Dunlop Cry Baby DCR-2SR Rack Module Review

The wah effect is, without any doubts, one of the most important parts of one player’s effects chain. Giving musicians their own unique voice in a way, the quality of the wah effect has become mostly subjective, as each individual player has their own preferences.

At the same time, the ones that give most expressiveness and depth tend to be more valued among the guitar players. But what if you had even more control over the effect itself?

After all, there’s not a lot of knobs and switches that can fit on the average wah pedal, and even some more intricate pieces, like the Morley Bad Horsie 2, have only a handful of modeling options.

However, a company like Dunlop, that became very well respected for their Cry Baby wah pedals, has its own rack-mounted wah unit that can be managed by a separate foot controller, which by design resembles the standard Cry Baby format.

The rack-mounted wah we will be reviewing here is the Dunlop Cry Baby DCR-2SR, used by many professional rock guitar players, including Avenged Sevenfold’s Synyster Gates, Kirk Hammett of Metallica, John Petrucci, Slash, and many others.

Dunlop Cry Baby DCR-2SR


Features

As mentioned, this is a rack-mounted unit, designed to give more options to shaping your wah tone than any other standard wah pedal could provide. The unit, which is in a 19-inch rack format, provides a variety of controls.

The first two controls are the range and “Q”. With the range control, you can pick from six different frequency ranges ñ 1.2 kHz, 1.4 kHz, 1.6 kHz, 1.8 kHz, 2.0 kHz, and 2.2 kHz. Right next to it stands the “Q” knob, which is used to control the breadth of the effect, or how “wide” it is.

With the “Q”, you can set it to be really sharp or to make it wider and more subtle, kind of more evenly distributed over the pedal’s sweep.

While sometimes wah pedals might cut or boost the volume in an unwanted way, the DCR-2SR has a separate boost control which allows you to balance things out or additionally boost or cut the volume of the effect when it’s engaged. This particular feature can boost your volume for up to 10 dB.

Right next to these two controls, we can find the 6-band EQ that additionally lets us shape our wah tone. The frequencies on it are 100Hz, 200Hz, 400Hz, 800Hz, 1.6kHz, and 3.2kHz, and each knob adds or cuts 15 dB to the frequency. This EQ is engaged with a separate button.

While we’re at it, the wah effect itself is also engaged with a separate button. The foot controller, which is included with this unit, has the standard toe-click feature like any other Dunlop wah pedals, but the effect won’t kick in if it’s not turned on on the unit itself.

It also comes with an additional loop that lets you run a volume pedal through it, ultimately giving more control over your tone.


Design

The design of such a rack mounted unit is probably not of the greatest importance to a guitar player. Although we would argue that some of the printed labels on it could be a bit bigger. While there might not be a lot of tweaking during the live shows, this would definitely be a very welcomed design feature.

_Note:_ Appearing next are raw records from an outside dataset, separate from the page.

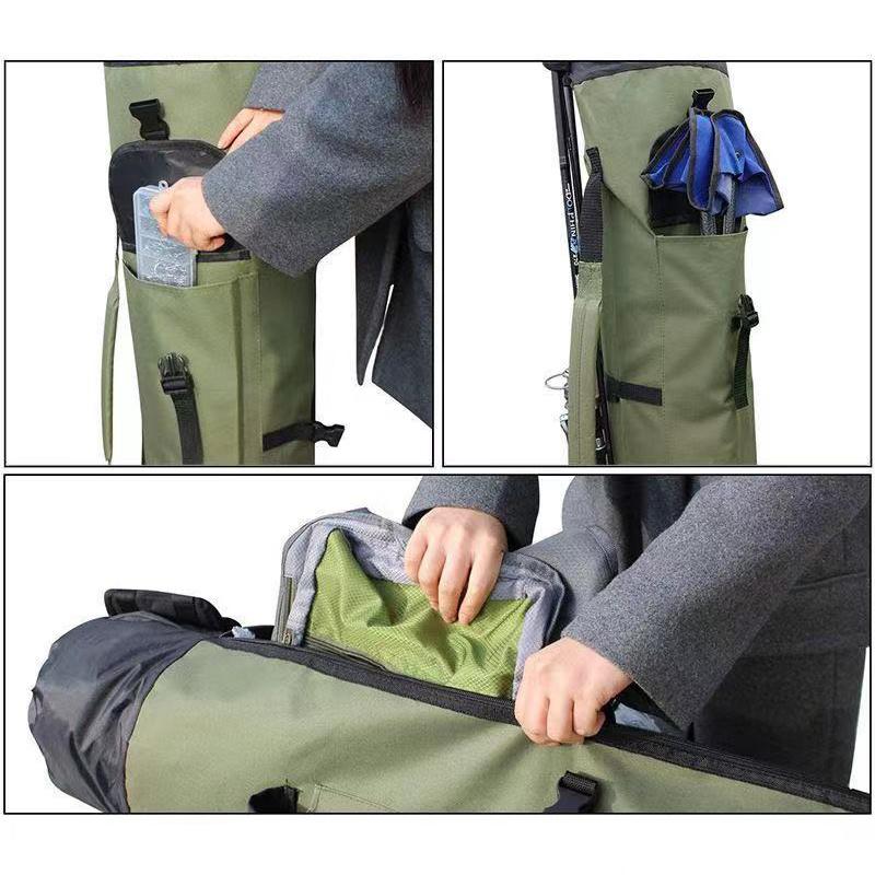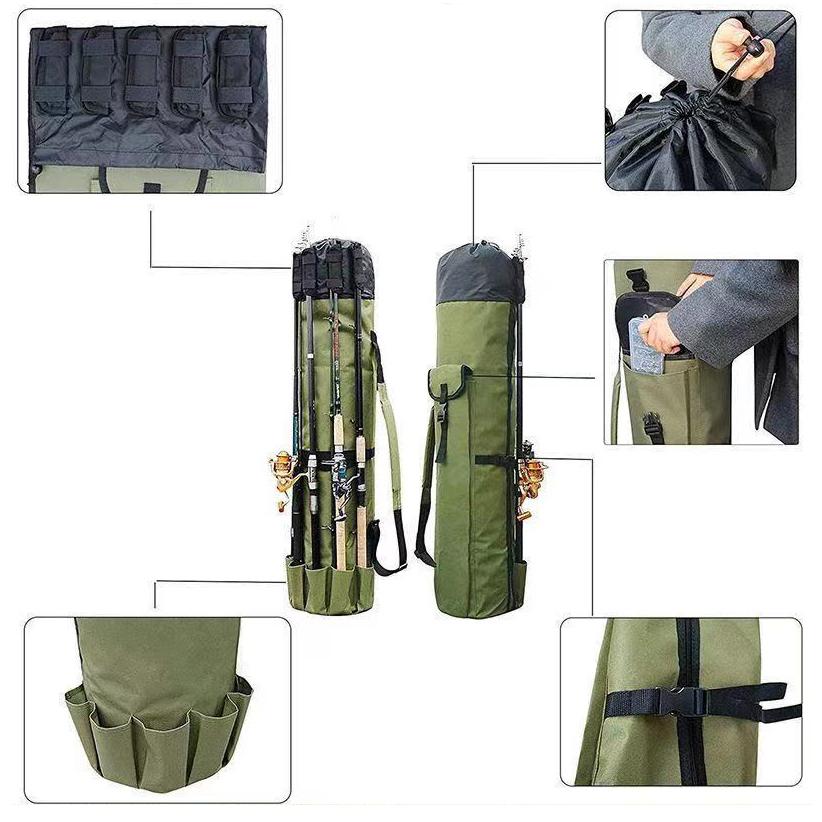 手持ちとしての手提げはもちろん、肩掛け、斜め掛け、背負うことも出来ますので、使用時のご状況に合わせてご使用ください。ショルダーストラップは調節可能なので、お好みの長さにご調節いただくことが可能です。この釣り竿収納バッグには、締め付けが簡単なドロースリング閉鎖があり、タイトなバックルでバッグのサイズを調整し、釣り具を安定させ、損傷されないようにすることができます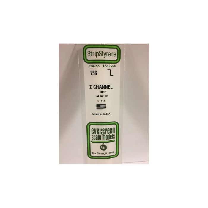756 - .188" (4.8MM) OPAQUE WHITE POLYSTYRENE Z CHANNEL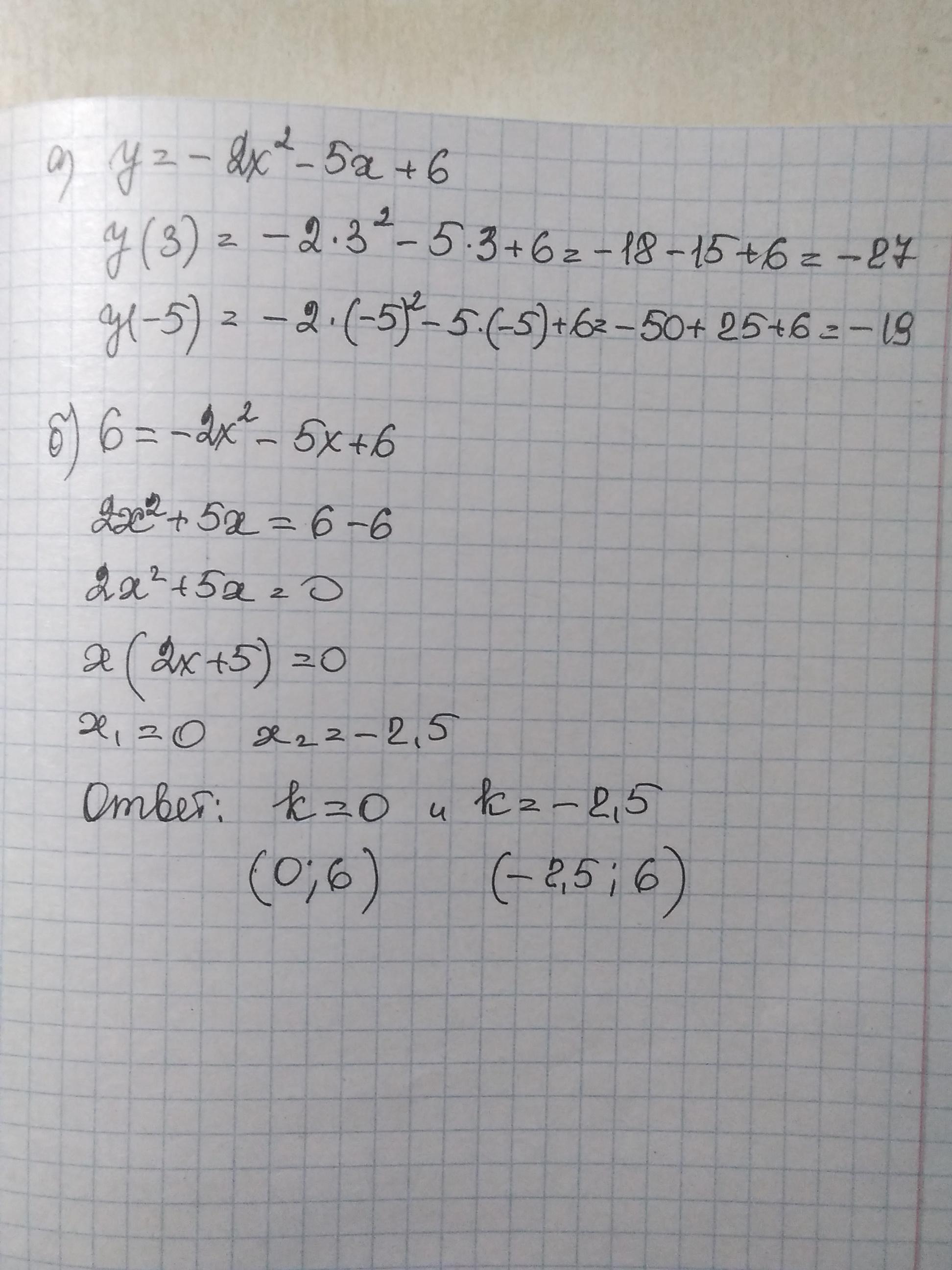 Дана функция y = -2x^2 - 5х +6 a) Найдите значения функции f (3) f (-5) Известно, что график функции проходит через точку (k; 6). b) Найдите значение k.

At the same time, led lights are pretty useful and easily noticeable so you can see whether certain features are on or off. With just a little bit of practice, you’ll be accustomed to it and you’ll know where each control is located and what it does without reading any of the labels on it.

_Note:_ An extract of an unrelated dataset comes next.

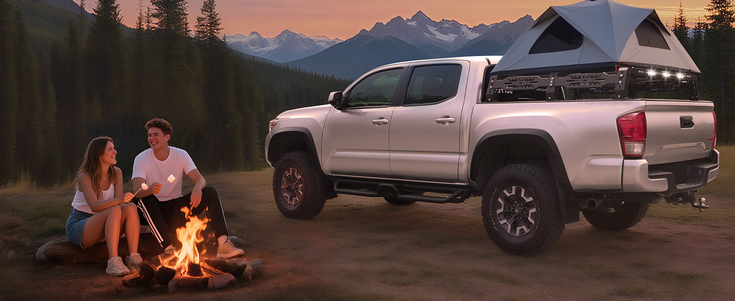 CONVENIENCE: The side features a stylish pattern design, allowing for accessory attachments to decorate your truck. The truck bed rack supports mounting essentials such as fire extinguishers, bicycles, jacks, skis, canoes, luggage, and more. Perfect for securing tents during outdoor camping, its moderate height ensures safe and easy access to items, making your travels more comfortable and convenient.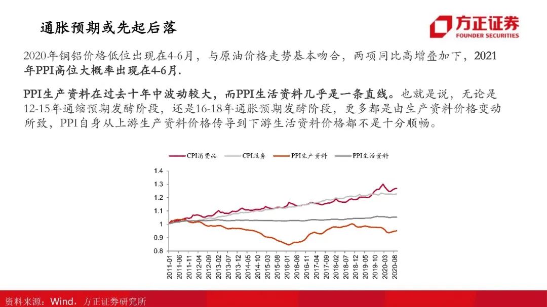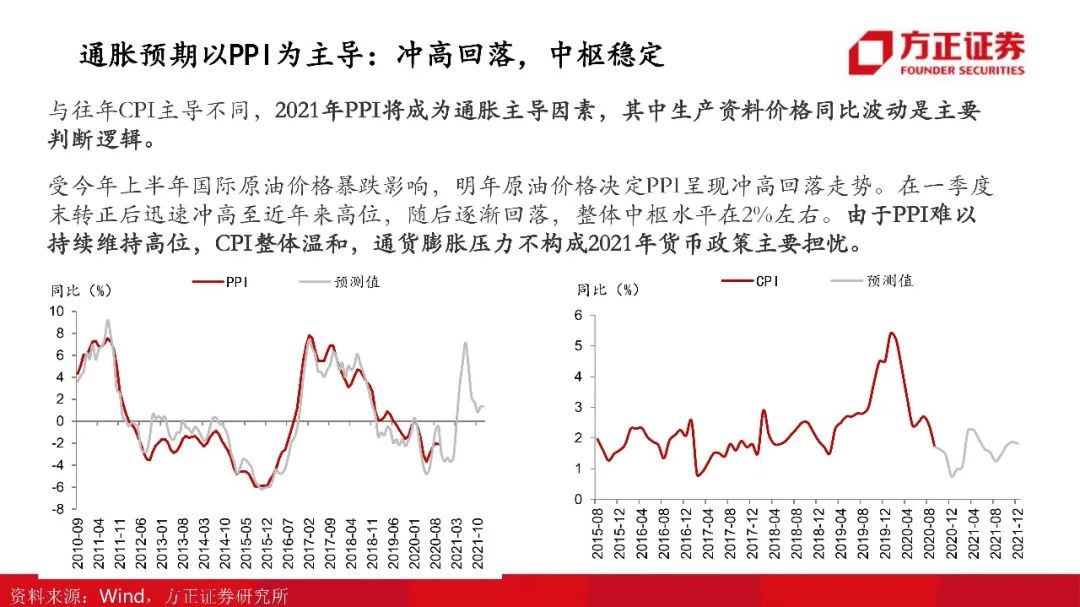 3、受今年上半年国际原油价格暴跌影响,明年原油价格决定PPI呈现冲高回落走势。在一季度末转正后迅速冲高至近年来高位,随后逐渐回落,整体中枢水平在2%左右。由于PPI难以持续维持高位,CPI整体温和,通货膨胀压力不构成2021年货币政策主要担忧。

As for the floor part, the foot controller, it’s designed according to Dunlop’s classic wah and volume pedals, using the same casing with a few just slightly different features. The action and the feel of the pedal is the same as any other of their famous products.


Performance

Now, this piece of gear is actually quite versatile. It could easily be the most versatile wah effect out there. The 6-band EQ gives an abundance of tone option, especially combined with with the “range” and “Q” knobs.

With all of these controls, you’re able to have full control over the depth of your wah, the “width” (or how sharp it goes between the two voices), the volume, and the overall tone.

Whatever kind of wah you seek ñ the DCR-2SR has it. Want that subtle clean pop rhythm wahs? Want the classic 1970s one? Trying to replicate Zakk Wylde’s deep crazy wah for high gain leads?

It’s all possible through this Dunlop’s piece of gear. And whether it’s the clean or distorted sound that you want to add your wah to, it will work with anything and won’t make those higher gain tones sounding all muddy and chaotic.


Conclusion

Just to get one thing straight here – this is a professional grade wah. Yes, it costs three or four times more than an average wah most of the guitar players are using, but there’s a good reason for it.

It is a sophisticated professional rack mounted effect that gives you more options than you can get from most of the other wahs out there.

The only downside – it will just take a lot of your precious time since you’ll end up plying around with all of its features in search of those perfect wah tones.

At the same time, you need to bear in mind that DCR-2SR is to be considered if you’re using other rack effects. Otherwise, you’ll just have a bad time finding room for this unit anywhere on stage or in your home studio, making it very impractical.

Nobody is stopping you from getting one, but it won’t make much sense if you’re not a professional musician or are at least striving to become one.